Altinn / digdir-assistants

Generative AI assistants
MIT License
3 stars 0 forks source link

Use query understanding for RAG retrieval #8

Open bdb-dd opened 10 months ago

bdb-dd commented 10 months ago

Description

Updated 26.02.24: Even after having successfully addressed the retrieval ranking issues we had earlier, there are still many opportunities for improving retrieval for specific kinds of queries. As an example, a user may wish to qualify their search by defining specific filters, such as "updated recently", "sorted by version number" or "only open issues".

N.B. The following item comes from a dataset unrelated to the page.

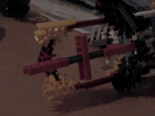 Este es un diseño de pistola goma simple y eficaz a diferencia de otras que he visto.La diferencia es que es accionado por el motor de k'nex lo que permite a múltiples bandas para dispararse simultáneamente, en lugar de hacer uno a la vez :)--No olvi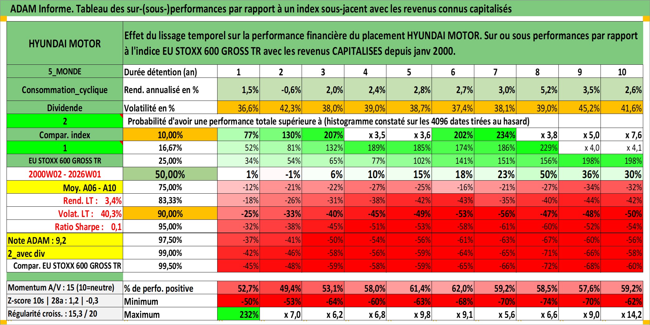 Site dédié aux investisseursPage dédiée sur site financeAnalyse des valorisations hebdomadaires de l'action HYUNDAI MOTOR. Cet actif est cote en KRW. Les valorisations sont en contrevaleur EURO et couvrent les semaines 2000W02 a 2026W01. Les revenus de cet actif financier sont pris en compte depuis la semaine 2000W01. La note globale ESG de cet actif est estimee a 5.0 (apres rebasage entre 0 et 20).

The "Query understand" strategy calls for using LLMs to generate the retrieval query itself, based on a combination of knowledge of the underlying search engine, the data schemas involved and potentially some function calling extensions.

## Evaluate
- [x] Evaluate traditional text indexing tools designed to deliver relevant results from free text queries
- [x] Test a specific free text query engine with a generic configuration suitable for our documentation data set
- [ ] [in-progress] Gather requirements for evaluating and tuning free text query performance
- [ ] [in-progress] Evaluate results and determine if there is a need to tune the configuration, for example for special handling of multiple languages, content that has been machine translated, recency, metadata
- [ ] https://github.com/Altinn/digdir-slack-bot/issues/49

Additional Information

No response

bdb-dd commented 10 months ago

First end to end test completed. Initial results look very promising.

Will likely require additional testing and content improvements to deal with issues related to certain topics.

Certain documents should probably be included in context regardless of search terms.

bdb-dd commented 10 months ago

Sent invitation to a broader group of people who can contribute with a varied set of user queries. Quickly finding examples where the first stage, extract search terms, is not as selective as it could be. A large number of search terms currently results in a smaller result set, sometimes including documents that are highly ranked for no apparent reason.

Have also tested asking GPT 3.5 for feedback on which of the supplied context documents were relevant, with good results. So one option would be to "pin" certain source documents, such that they are always included in the RAG context. The context length has varied significantly from query to query, sometimes exceeding 16K which is our current upper limit.